An Open Access Peon

16 November 2006

Google CSE added to the Registry of Open Access Repositories

A few weeks ago OpenDOAR announced the inclusion of a experimental Google CSE ("customised search engine"). Google released their CSE (or 'co-op') tool on the 26th October, and its a testiment to Google's skill at identifying new niches that CSE has already gained such interest.

Being OpenDOAR's nearest (good natured) competitor its incumbent on me to make sure we don't fall behind in the technical stakes - quality of content is a very subjective issue that I'll leave to others to judge. So, what's involved in setting up a CSE?

Google CSE is the normal Google web index, but constrained to a human-edited list of web sites. The CSE is identified by a unique (Google-generated) identifier that, when passed to Google co-op with a query, returns matching pages from only those sites. As the creator of a CSE you can either point users at the CSE's virtual home page (at Google) or embed it in your own site. The level of integration into your own site's look and feel depends on how long you're prepared to spend implementing javascript wrappers. There are, however, some constraints made by Google, in particular commercial users must allow advertising to be included, and the "Google Custom Search" line must be included either in the search box or near by (which the Google-supplied code snippets do for you).

What Google CSE means for us registries is we can now (theoretically) provide full-content searches of registered repositories with a minimal of effort. This is what OpenDOAR have done, and we've followed suit in our own search interface.

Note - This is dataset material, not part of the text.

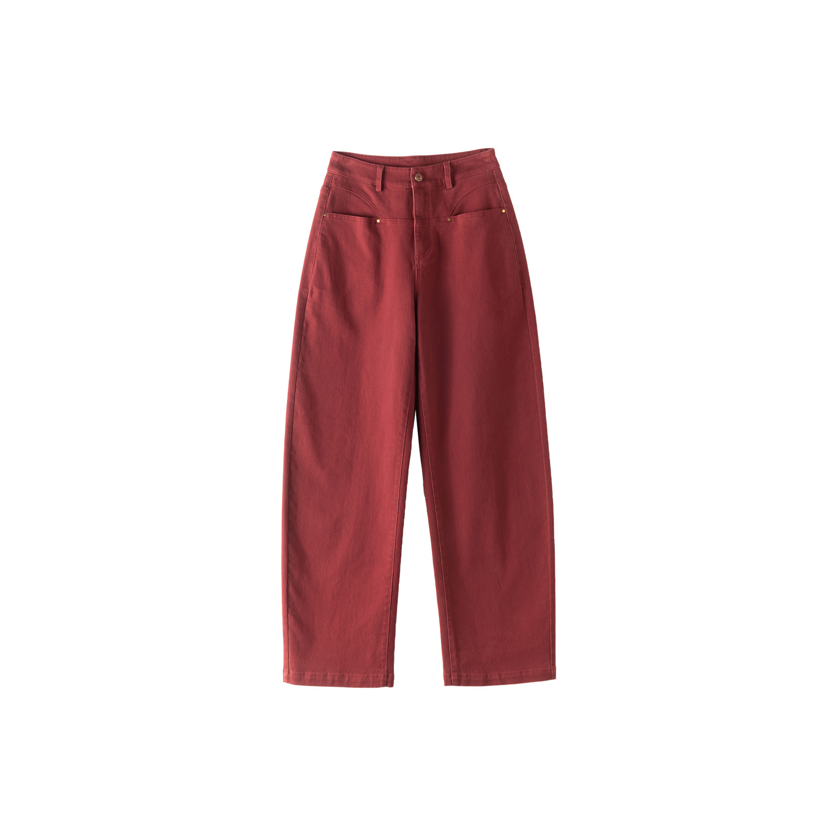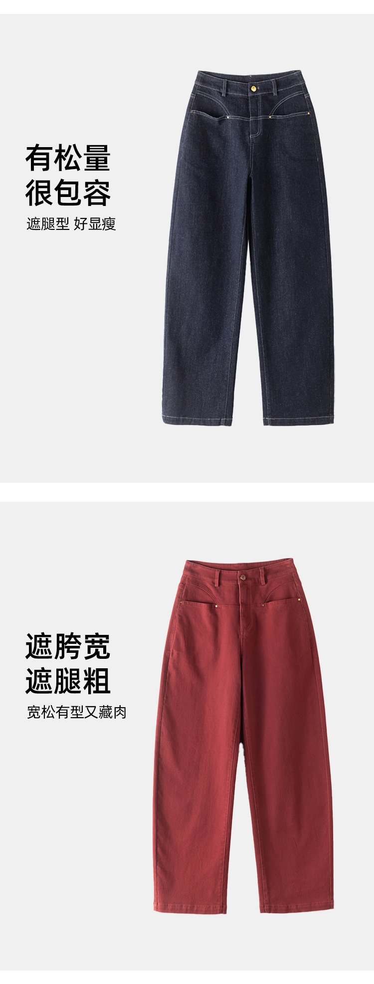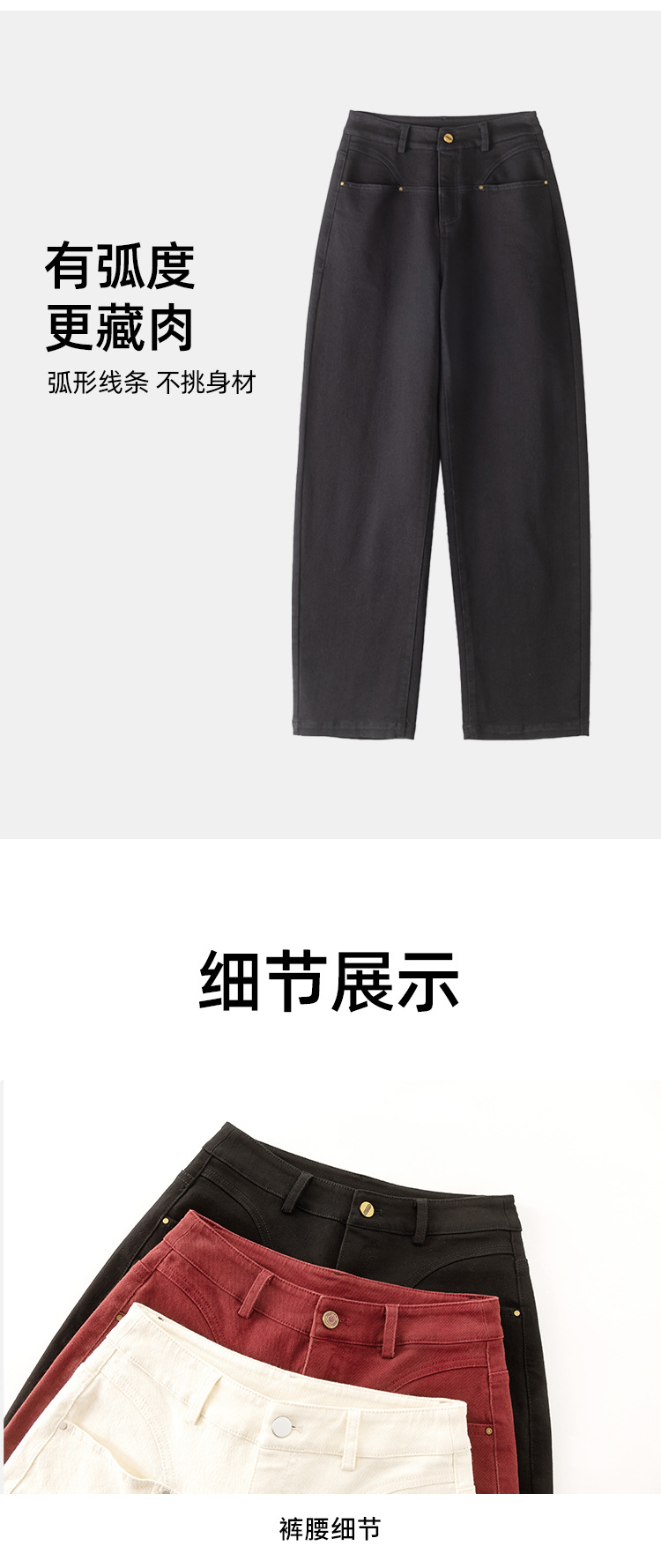 하이웨이스트 벤딩 팬츠 슬림핏 청바지 여성용 2025 봄 신상 앙코라 레드 롱팬츠 포켓 슬림핏 NQ3620

In addition to constraining the search to given sites Google CSE provides 'refinements' - editor-provided key terms that either filter the list of sites, or weight certain sites higher in the search results. Refinements allow the CSE creator to provide sub-customised searches to more finely control the search results, the typical example being to create a CSE for a topic area (e.g. tropical diseases) then to provide refinements for different types of users (e.g. medical practitioners).

To create the Google CSE and refinements for ROAR I created two exports: the TSV and Context files. The TSV file contains the URLs of the sites to be included, labels for each site and the site's weighting. A label is an identifier that can be used to refine search results (e.g. Australian repositories are labelled with 'country_au').

The Context file contains the basic search engine configuration (title, description etc.) and what effect refinements have on the search results. Refinements can change the weighting of sites, alter the query or filter out given sites. In the ROAR CSE I've set all the labels to 'filter' (i.e. only include sites that contain the given label).

So, that's the theory, but in practise Google CSE refinements don't appear to work like that (or work at all). If you try out the ROAR search, first of all you'll notice you get very few matches back and secondly you actually get more matches the more refinements you use. Hopefully this will be resolved in time, in the meanwhile prepare to be confused!